San Ambrosio de Milán

 

2 Reyes 5,1-15: La curación de Naamán el sirio se ha considerado en el tiempo de Cuaresma como prefiguración de la llamada a todas las naciones a la fe y al bautismo.

El camino que sigue Naamán hasta el rito que le cura indica el camino de todo candidato a los sacramentos, que no son válidos si no se reciben en el interior de un diálogo entre Dios que se revela y el hombre que obedece y se adhiere a Él por la fe. Pero esto no elimina la eficacia del sacramento, que obra independientemente de nuestra voluntad. San Hipólito dice del Bautismo:

«El que se sumerge en este baño de regeneración renuncia al diablo y se adhiere a Cristo, niega al enemigo del género humano y profesa su fe en la divinidad de Cristo, se despoja de su condición de siervo y se reviste de la de hijo adoptivo, sale del bautismo resplandeciente como el sol, emitiendo rayos de justicia, y, lo que es más importante, vuelve de allí convertido en hijo de Dios y coheredero de Cristo» (Sermón sobre la Teofanía).

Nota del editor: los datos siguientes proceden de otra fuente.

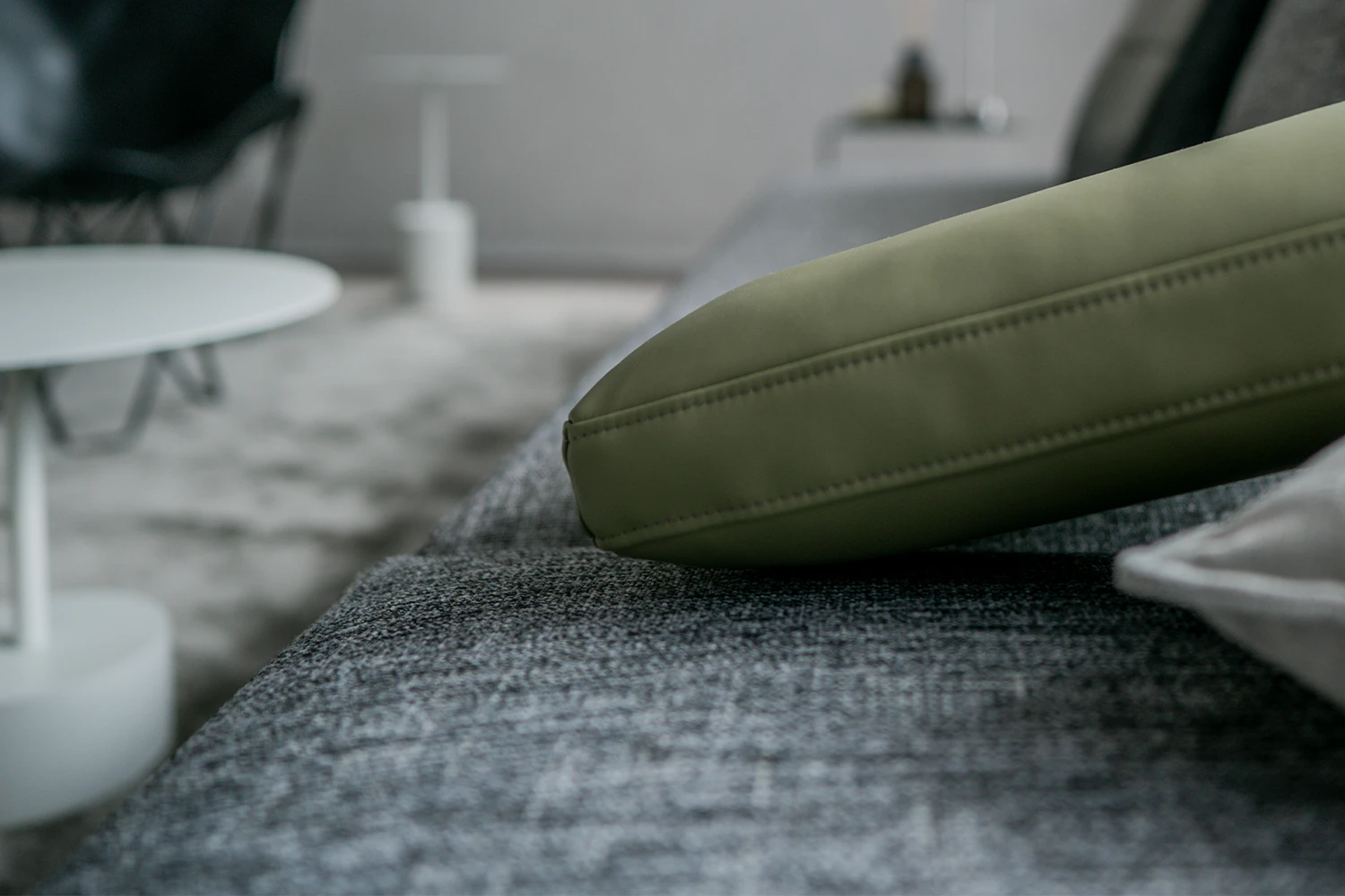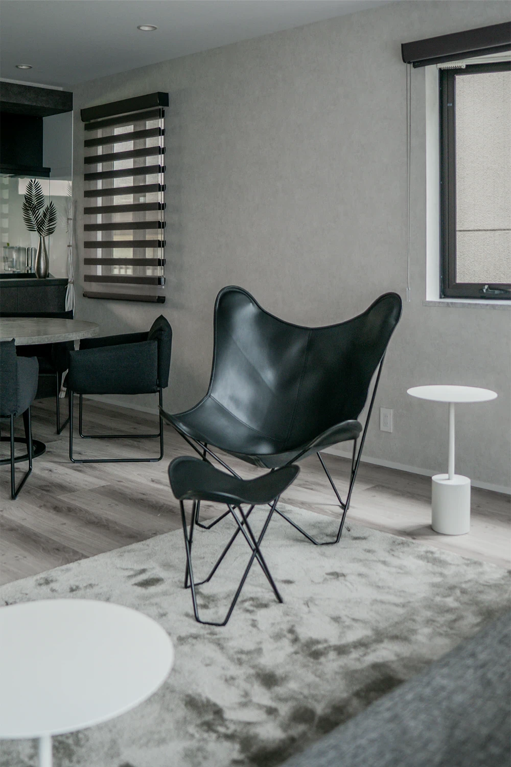 窓前にソファを配置することで、ダイニングやキッチンに対してオープンな印象に仕上がりました。 ソファに沿わせたスツールは、ソファ自体をロングに見せること、ロングに見えても窓への抜けを確保すること、移動させて脚置きやテーブルなどとしても活用できること、と、さまざまな役割を担っています。

Y San Ildefonso de Toledo:

«Nunca deja de bautizar el que no cesa de purificar; y así, hasta el fin de los siglos. Cristo es el que bautiza, porque siempre es Él quien purifica. Por tanto, que el hombre se acerque con fe al humilde ministro, ya que éste está respaldado por tan gran maestro. El maestro es Cristo y la eficacia de este sacramento reside no en las acciones del ministro, sino en el poder del maestro que es Cristo» (Tratado sobre el Bautismo).

En el bautismo, junto a la dignidad de los hijos de Dios, recibimos la gracia y la llamada a la santidad, que nos permite ser consecuentes y no perder la dignidad recibida.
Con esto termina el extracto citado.